[SPARK-55848][SQL][TESTS] Add regression tests for SPJ partial clustering dedup#54714
[SPARK-55848][SQL][TESTS] Add regression tests for SPJ partial clustering dedup#54714naveenp2708 wants to merge 5 commits intoapache:masterfrom
Conversation
…dup correctness Add regression tests verifying that dropDuplicates, Window dedup, and checkpointed scans produce correct results when SPJ partial clustering is active. These tests cover the correctness issue fixed by SPARK-55848. Closes apache#54378
|
@peter-toth Per your suggestion — tests-only PR for master. Branch-4.1 PR with fix + tests coming next. |
|
Seems like check didn't run on this PR yet, most likely because you haven't enabled Github Actions in your forked repo. |
| |FROM testcat.ns.$items i | ||
| |JOIN testcat.ns.$purchases p ON i.id = p.item_id | ||
| |""".stripMargin) | ||
| checkAnswer(df, Seq(Row(1), Row(2), Row(3))) |
There was a problem hiding this comment.
Can you please check if we have the expected GroupPartitionExecs in the plan? I believe one should be under the join to align partitions to the other, partially clustered side of the join; and one should be above the join to group partitions for the aggregate.
Also please assert that we don't have any exchanges in the plan.
| // Checkpoint the items scan, then join with purchases under partial clustering, | ||
| // and finally dedup.
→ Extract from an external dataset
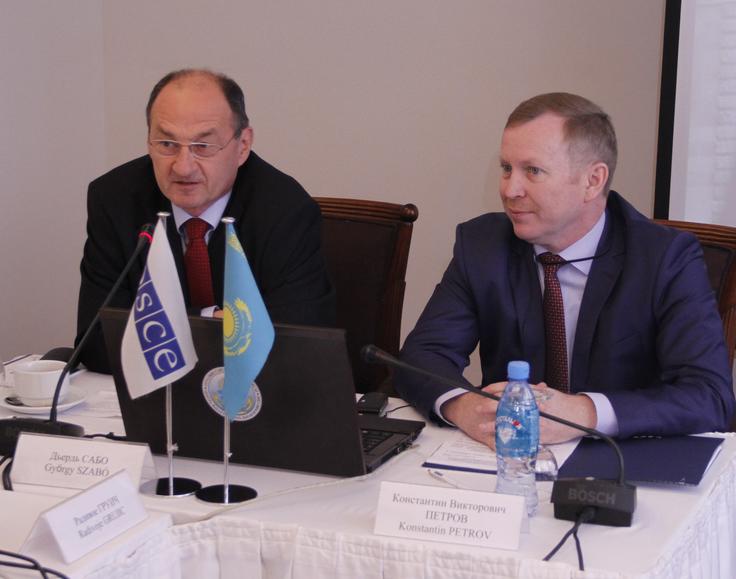 Елші Дьердь Сабо, Астанадағы ЕҚЫҰ Бағдарламалар офисінің басшысы (сол жақта) және Орталық сайлау комиссиясы Төрағасының орынбасары Константин Петров (оң жақта) сайлаушыларды тіркеу мәселелері жөнінде өткізілген семинарда, Астана, 16 қараша 2017 ж. (ҚР ОСК/Артем Федоров)

The checkpointed scan preserves the KeyedPartitioning | ||
| // with non-grouped keys; the dedup must still produce correct distinct ids. | ||
| val itemsDf = spark.read.table(s"testcat.ns.$items").checkpoint() |
There was a problem hiding this comment.
I mean in this test we should checkpoint the partially clustered result of a join and put an aggregate on top of that checkpoint. The aggregate should require a GroupPartitionsExec on master or a shuffle on previous branches (before the refactor).
fb9cadc to
1b1b1cb
Compare
|
@peter-toth Added GroupPartitionsExec assertions to all 3 tests:
|
|
@peter-toth Enabled the workflows on my fork — "Build" and "Report test results" both passed. |
|
@naveenp2708, can you please take a look at #54751 (comment) and adjust the test case there and here as well? Actually, probably we should agree on the fix in #54751 first and then update this PR. |
| } | ||
| } | ||
|
|
||
| test("SPARK-55848: Window dedup after SPJ with partial clustering should produce " + |
There was a problem hiding this comment.
nit: 'should produce correct results' is redundant :)
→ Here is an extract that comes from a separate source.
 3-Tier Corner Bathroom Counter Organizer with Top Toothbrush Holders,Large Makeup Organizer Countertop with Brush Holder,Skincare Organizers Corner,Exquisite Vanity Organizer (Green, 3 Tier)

| // SPJ. The WINDOW operator requires ClusteredDistribution on i.id; with partial | ||
| // clustering the plan must insert the right exchange/group so that the window | ||
| // produces exactly one row per id. | ||
| val df = sql( |
There was a problem hiding this comment.
should we use 'selectWithMergeJoinHint' for consistency?
1b1b1cb to
ad6cf20
Compare
|
@szehon-ho Fixed both — shortened test names and switched to selectWithMergeJoinHint. Thanks for the review! |
|
@peter-toth Makes sense — PR #54751 now has approvals from you and @szehon-ho. Once it's merged, I'll update this PR to align the tests. Already addressed szehon-ho's nits (shortened test names + selectWithMergeJoinHint). |
|
@naveenp2708 , I merged #54751, can you please update this PR? Also, let's add |
ad6cf20 to
2442dea
Compare
|
@peter-toth Updated title with [TESTS] tag. Tests aligned with merged #54751 — checkpointed test checkpoints join result, AQE disabled, GroupPartitionsExec assertions, shortened names, selectWithMergeJoinHint. Will open backport PRs for branch-4.0 and branch-3.5 next. |
|
@naveenp2708 , can you please double check the PR title? It looks incomplete and I don't see |
|
@peter-toth Fixed the title to include [TESTS] tag. Retriggered the checks. |
Thank you @naveenp2708. Could you please retrigger the tests again? |
|
@peter-toth Retriggered. Thanks for the approval! |
What changes were proposed in this pull request?
Test-only PR. Adds regression tests for SPARK-55848 (SPJ partial clustering produces incorrect results for post-join dedup operations).
Three tests added to KeyGroupedPartitioningSuite:
Why are the changes needed?
The fix was merged via #54330, but regression tests for the correctness issue (SPARK-55848 / #54378) were not included. These tests ensure the issue does not regress.
Does this PR introduce any user-facing change?
No. Test-only change.
How was this patch tested?
All 73 tests in KeyGroupedPartitioningSuite pass.
Was this patch authored or co-authored using generative AI tooling?
No.